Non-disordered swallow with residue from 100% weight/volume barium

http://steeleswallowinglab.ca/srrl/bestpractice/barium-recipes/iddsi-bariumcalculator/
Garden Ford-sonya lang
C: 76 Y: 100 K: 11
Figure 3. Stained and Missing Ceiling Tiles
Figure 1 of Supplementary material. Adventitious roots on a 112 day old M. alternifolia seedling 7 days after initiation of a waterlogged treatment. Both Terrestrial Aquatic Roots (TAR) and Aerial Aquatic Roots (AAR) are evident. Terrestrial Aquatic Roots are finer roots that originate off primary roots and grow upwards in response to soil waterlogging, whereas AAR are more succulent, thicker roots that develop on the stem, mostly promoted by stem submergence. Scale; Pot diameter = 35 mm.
...
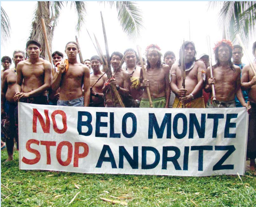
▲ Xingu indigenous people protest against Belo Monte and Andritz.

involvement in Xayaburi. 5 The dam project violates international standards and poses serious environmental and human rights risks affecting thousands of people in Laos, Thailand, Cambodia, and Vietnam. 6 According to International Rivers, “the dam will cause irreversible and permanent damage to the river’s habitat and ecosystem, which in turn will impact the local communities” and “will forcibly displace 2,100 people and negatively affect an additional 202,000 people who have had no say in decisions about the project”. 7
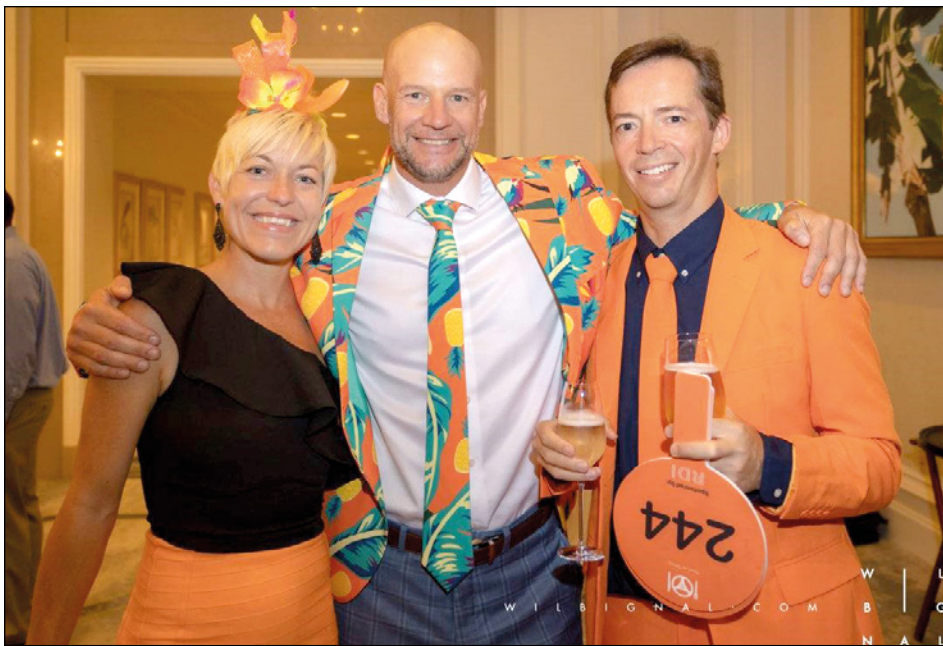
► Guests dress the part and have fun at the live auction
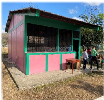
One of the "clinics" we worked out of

▶ _ASSIGNED TASK_
Retype word for word everything in the listing above from the line that holds "Non-disordered swallow with" down to the line that holds "Figure 1 of". Keep both end lines and leave out the rest.

▶ _EXERCISE OUTPUT_
Non-disordered swallow with residue from 100% weight/volume barium

http://steeleswallowinglab.ca/srrl/bestpractice/barium-recipes/iddsi-bariumcalculator/
Garden Ford-sonya lang
C: 76 Y: 100 K: 11
Figure 3. Stained and Missing Ceiling Tiles
Figure 1 of Supplementary material. Adventitious roots on a 112 day old M. alternifolia seedling 7 days after initiation of a waterlogged treatment. Both Terrestrial Aquatic Roots (TAR) and Aerial Aquatic Roots (AAR) are evident. Terrestrial Aquatic Roots are finer roots that originate off primary roots and grow upwards in response to soil waterlogging, whereas AAR are more succulent, thicker roots that develop on the stem, mostly promoted by stem submergence. Scale; Pot diameter = 35 mm.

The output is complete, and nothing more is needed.